## DATA SEGMENT
- Opening Delimiter -
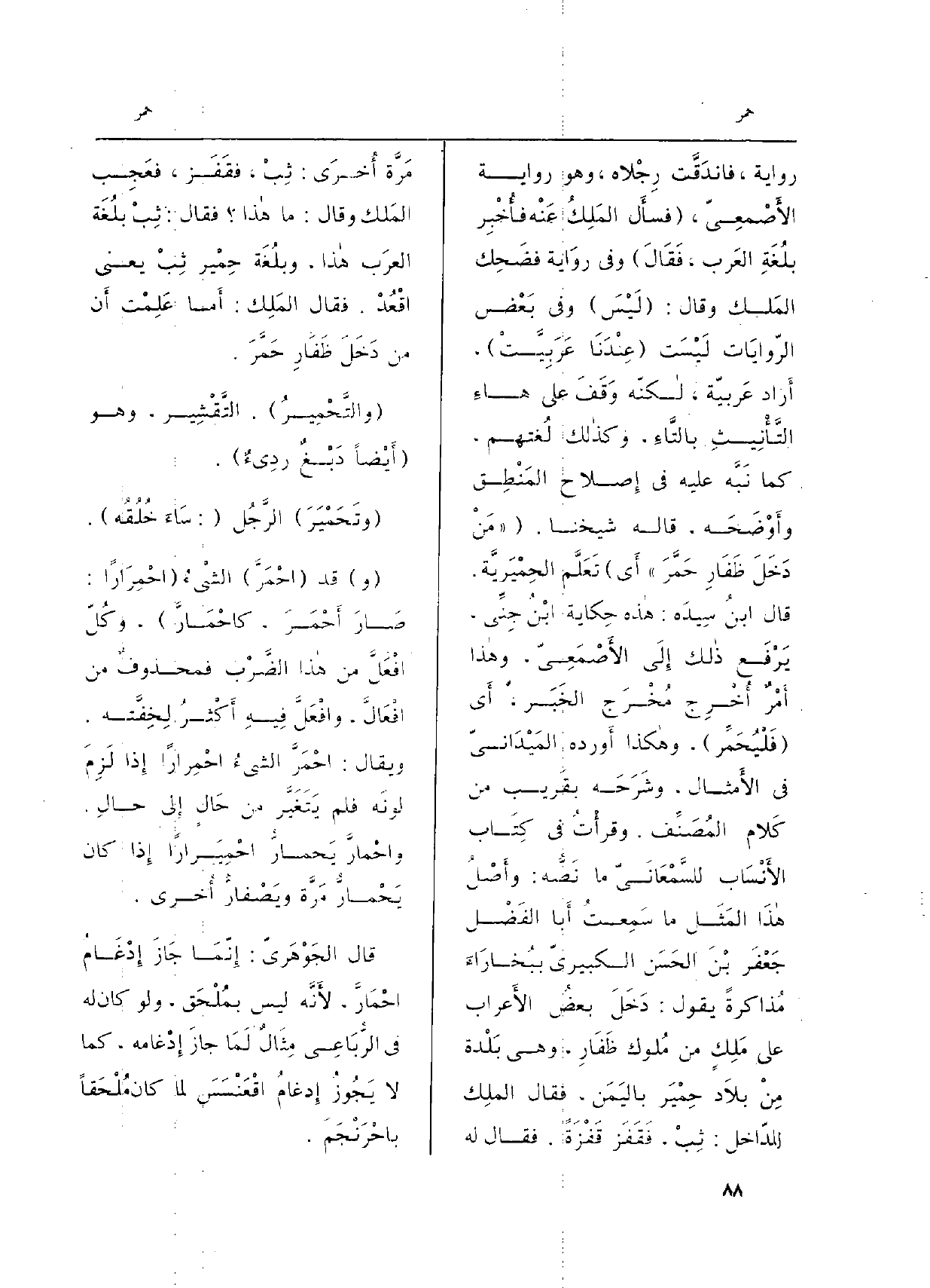 رِوَايَة، فاندَقَّت رِجْلاه، وَهُوَ رِوَايَة الأَصْمَعِيّ، (فسأَل المَلِكُ عَنْه فأُخْبِر بِلُغَةِ العَرَب، فَقَالَ) وَفِي روَاية فَضَحِك المَلك وَقَالَ: (لَيْسَ) وَفِي بَعْض الرّوايَات لَيْسَت (عِنْدَنَا عَرَبِيَّتْ) ، أَراد عَربيّة، لاكنّه وَقَفَ على هاءِ التَّأْنِيثِ بالتَّاءِ، وكذالك لُغتهم، كَمَا نَبَّه عَلَيْهِ فِي أَصلاح امَنْطِق وأَوْضَحَه، قَالَه شَيخنَا. ((مَنْ دَخَلَ ظَفَارِ حَمَّرَ) أَي) تَعَلَّم الحِمْيَرِيَّة. قَالَ ابنُ سِيدَه: هاذه حِكياة ابْنُ جِنِّي، يَرْفَع ذالك إِلَى الأَصْمَعِيّ، وهاذا أَمْرٌ أُخْرِج مُخْرَج الخَبَر، أَي (فَلْيُحَمِّر) ، وهاكذا أَورده المَيْدَانيّ فِي الأَمثال، وشَرَحَه بقَريب من كَلام المُصَنِّف. وقرأْتُ فِي كِتاب الأَنْساب للسَّمْعَانَيّ مَا نَصُّه: وأَصْلُ هاذَا المَثَل مَا سَمِعتُ أَبا الفَضْل جَعْفَر بْنَ الحَسَن الكبيريّ ببُخارَاءَ مُذاكرةً يَقُول: دَخَلَ بعضُ الأَعراب على مَلِكٍ من مُلوك ظَفَارِ، وَهِي بَلْدة مِنْ بلاَد حِمْيَر باليَمَن، فَقَالَ الملِك الدّاخل: ثِبْ، فَقَفَز قَفْزَةً. فَقَالَ لَهُ مَرَّة أُخرَى: ثِبْ، فقَفَز، فعَجِب المَلك وَقَالَ: مَا هاذا؟ فَقَالَ: تِبْ بلُغَة العرَب هاذا، وبلُغَة حِمْير ثِبْ يَعْنِي اقْعُدْ. فَقَالَ المَلِك: أَما عَلِمْت أَن من دَخَلَ ظَفَارِ حَمَّرَ.
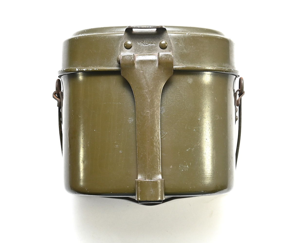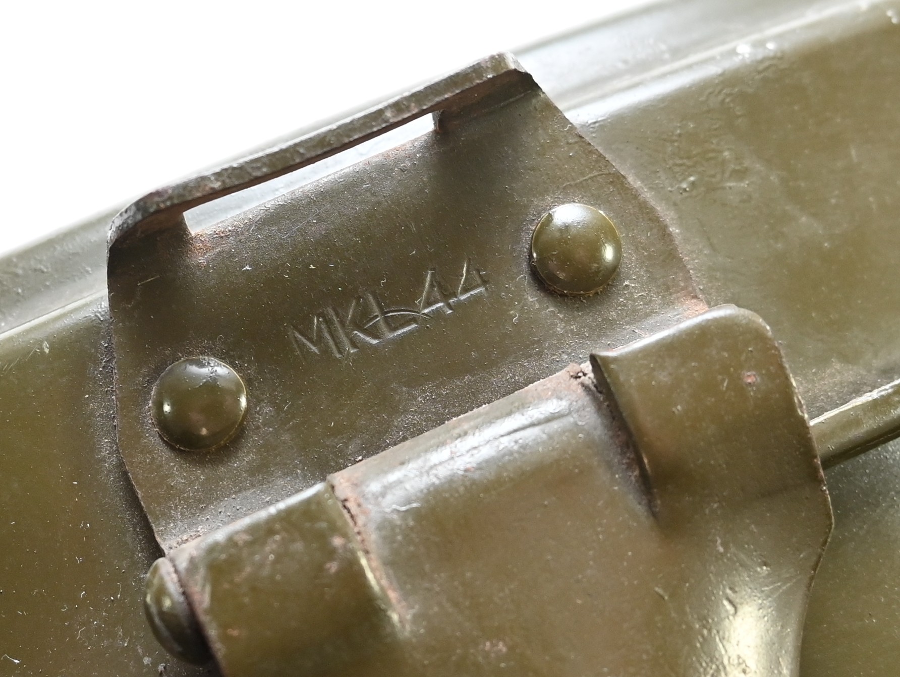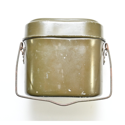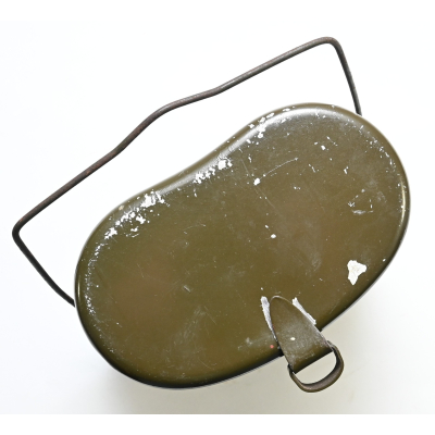 The mess kit or 'Kochgeschirr' shows overall normal signs of wear. Around 99% of its original green color is still present. Top and bottom are maker matching with 'MKL44' which indicats it was produced by Max Kamper from Lüdenscheid.
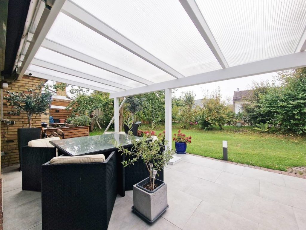 Dieser modernisierte Bungalow aus dem Jahr 1963 liegt in hervorragender Wohnlage im beliebten Nordseeheilbad Büsum – nur ca. 240 Meter vom Meer entfernt. Auf ca. 150 m² Wohn- und Nutzfläche präsentiert sich das Haus nach einer umfassenden Renovierung in 2023 in sehr gepflegtem, zeitgemäßem Zustand: es wurden neue Fußböden verlegt, die helle, moderne Einbauküche mit praktischer Durchreiche zum Essbereich stammt ebenfalls aus 2023, und die effiziente Gas-Brennwerttherme wurde 2021 installiert. Herzstück des Erdgeschosses ist der offene Wohn- und Essbereich mit Kamin und direktem Zugang auf die überdachte Süd-Terrasse, deren Terrassenfliesen erneuert wurden. Ergänzt wird die Ebene durch einen einladenden Flur, ein kleines Kinderzimmer, ein helles Duschbad mit begehbarer Dusche sowie ein geräumiges Schlafzimmer.
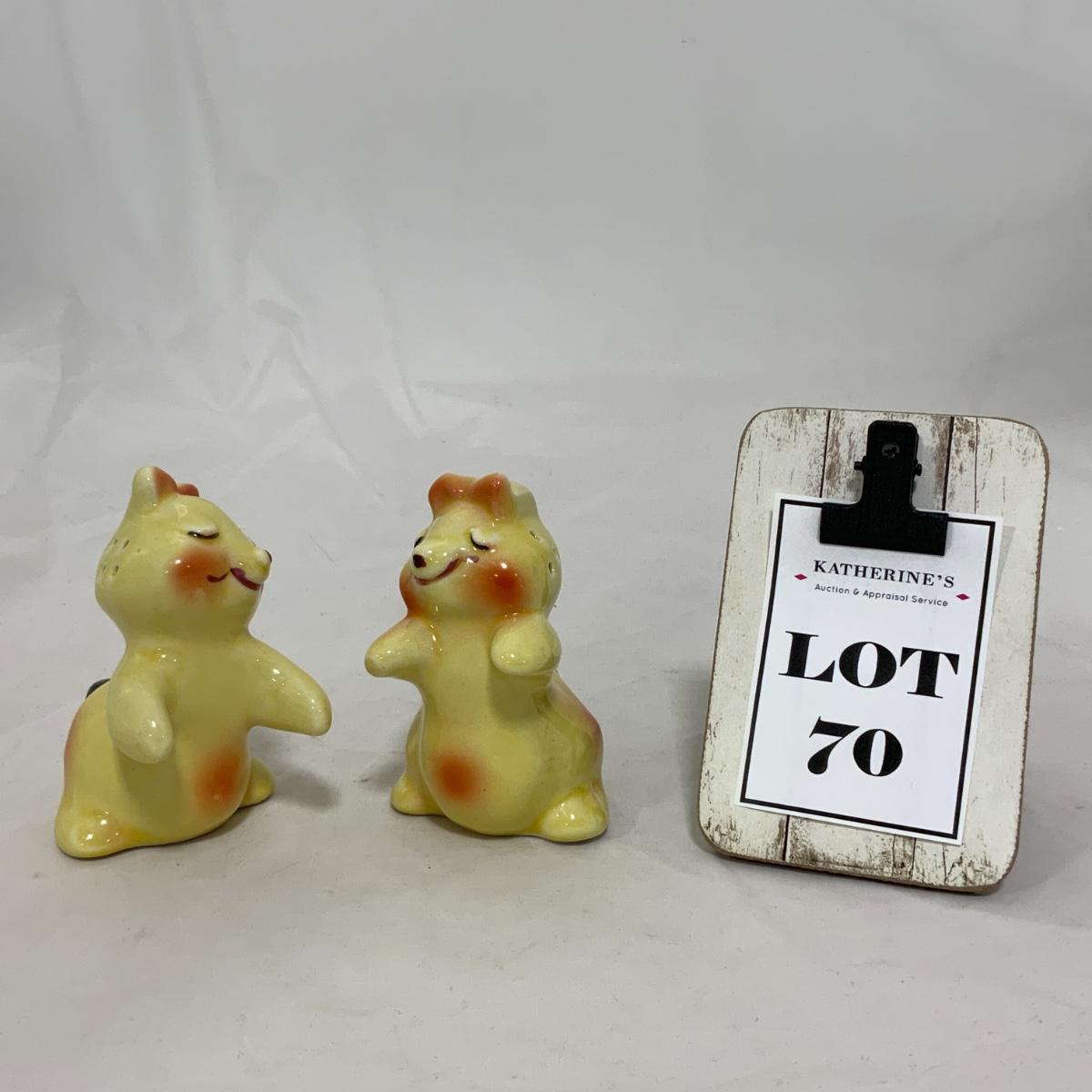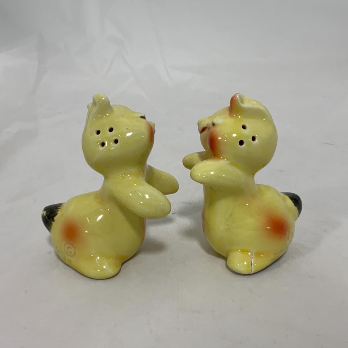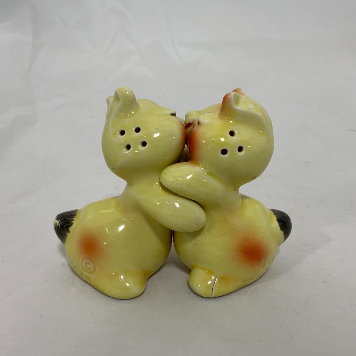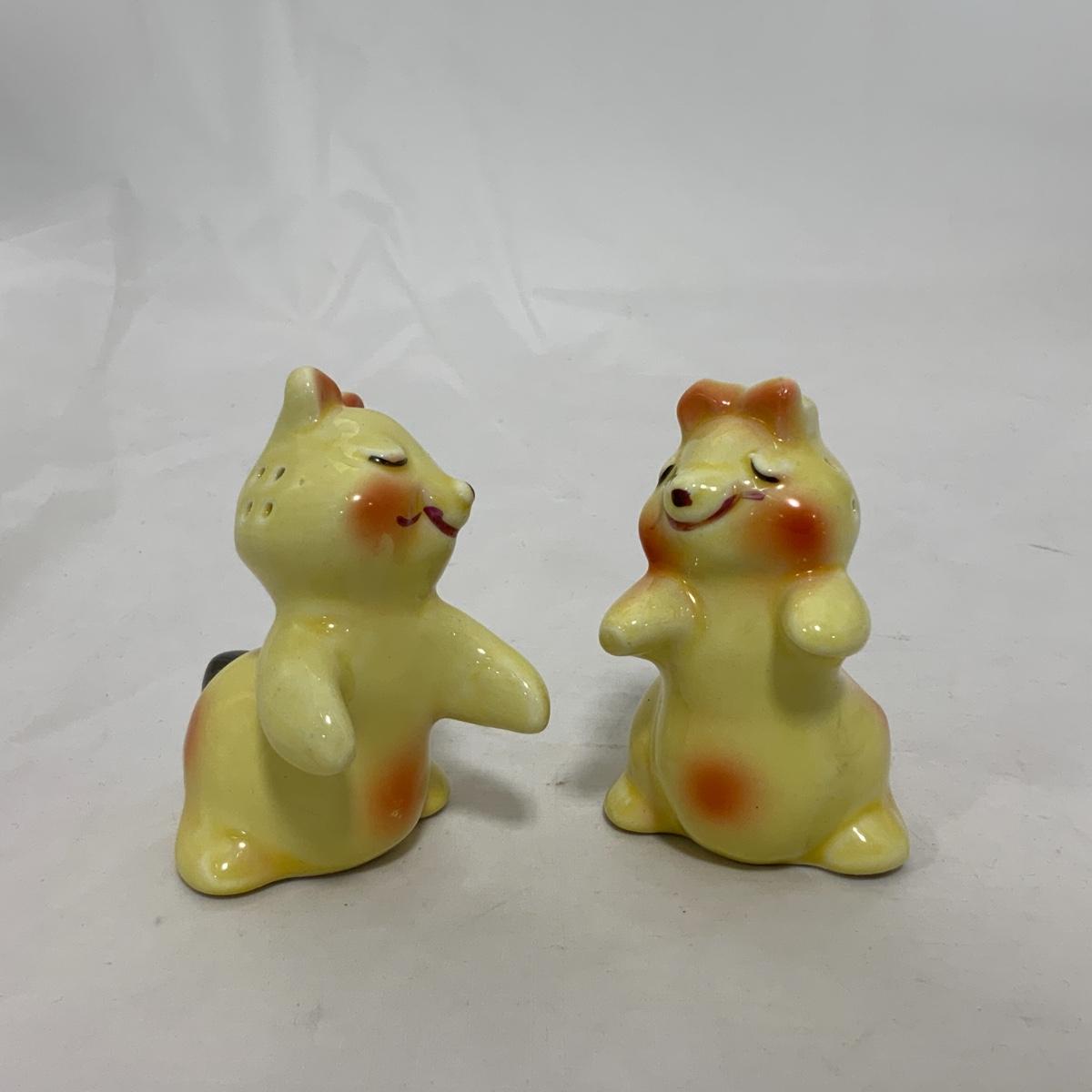 From the Estate of Peter and Alice Radovanovich: Attractive Yellow and orange set of 1950s Van Tellingen Huggies. One of the bunnies does have a crack - a manufacturing flaw, which is pictured. Please see photos for details and condition. ::: Shipping is available on this lot. If you require shipping you must let us know at the close of the auction. We will coordinate with you after the item has been won. Shipping fees will include insurance up to or exceeding the value of all items being mailed. If you have any questions regarding this lot please contact the auctioneer either via this website, by direct email or by phone. PICK UP TIMES and other important information can be found in the TERMS and DESCRIPTION of the auction. Please take a look for pertinent information. Thanks!
- Closing Delimiter -
## TASK
Give again, word for word, every line from the top of the data above to the line holding "Dieser modernisierte Bungalow", inclusive, with the pictures left out.

## WRITTEN ANSWER
 رِوَايَة، فاندَقَّت رِجْلاه، وَهُوَ رِوَايَة الأَصْمَعِيّ، (فسأَل المَلِكُ عَنْه فأُخْبِر بِلُغَةِ العَرَب، فَقَالَ) وَفِي روَاية فَضَحِك المَلك وَقَالَ: (لَيْسَ) وَفِي بَعْض الرّوايَات لَيْسَت (عِنْدَنَا عَرَبِيَّتْ) ، أَراد عَربيّة، لاكنّه وَقَفَ على هاءِ التَّأْنِيثِ بالتَّاءِ، وكذالك لُغتهم، كَمَا نَبَّه عَلَيْهِ فِي أَصلاح امَنْطِق وأَوْضَحَه، قَالَه شَيخنَا. ((مَنْ دَخَلَ ظَفَارِ حَمَّرَ) أَي) تَعَلَّم الحِمْيَرِيَّة. قَالَ ابنُ سِيدَه: هاذه حِكياة ابْنُ جِنِّي، يَرْفَع ذالك إِلَى الأَصْمَعِيّ، وهاذا أَمْرٌ أُخْرِج مُخْرَج الخَبَر، أَي (فَلْيُحَمِّر) ، وهاكذا أَورده المَيْدَانيّ فِي الأَمثال، وشَرَحَه بقَريب من كَلام المُصَنِّف. وقرأْتُ فِي كِتاب الأَنْساب للسَّمْعَانَيّ مَا نَصُّه: وأَصْلُ هاذَا المَثَل مَا سَمِعتُ أَبا الفَضْل جَعْفَر بْنَ الحَسَن الكبيريّ ببُخارَاءَ مُذاكرةً يَقُول: دَخَلَ بعضُ الأَعراب على مَلِكٍ من مُلوك ظَفَارِ، وَهِي بَلْدة مِنْ بلاَد حِمْيَر باليَمَن، فَقَالَ الملِك الدّاخل: ثِبْ، فَقَفَز قَفْزَةً. فَقَالَ لَهُ مَرَّة أُخرَى: ثِبْ، فقَفَز، فعَجِب المَلك وَقَالَ: مَا هاذا؟ فَقَالَ: تِبْ بلُغَة العرَب هاذا، وبلُغَة حِمْير ثِبْ يَعْنِي اقْعُدْ. فَقَالَ المَلِك: أَما عَلِمْت أَن من دَخَلَ ظَفَارِ حَمَّرَ.
 The mess kit or 'Kochgeschirr' shows overall normal signs of wear. Around 99% of its original green color is still present. Top and bottom are maker matching with 'MKL44' which indicats it was produced by Max Kamper from Lüdenscheid.
 Dieser modernisierte Bungalow aus dem Jahr 1963 liegt in hervorragender Wohnlage im beliebten Nordseeheilbad Büsum – nur ca. 240 Meter vom Meer entfernt. Auf ca. 150 m² Wohn- und Nutzfläche präsentiert sich das Haus nach einer umfassenden Renovierung in 2023 in sehr gepflegtem, zeitgemäßem Zustand: es wurden neue Fußböden verlegt, die helle, moderne Einbauküche mit praktischer Durchreiche zum Essbereich stammt ebenfalls aus 2023, und die effiziente Gas-Brennwerttherme wurde 2021 installiert. Herzstück des Erdgeschosses ist der offene Wohn- und Essbereich mit Kamin und direktem Zugang auf die überdachte Süd-Terrasse, deren Terrassenfliesen erneuert wurden. Ergänzt wird die Ebene durch einen einladenden Flur, ein kleines Kinderzimmer, ein helles Duschbad mit begehbarer Dusche sowie ein geräumiges Schlafzimmer.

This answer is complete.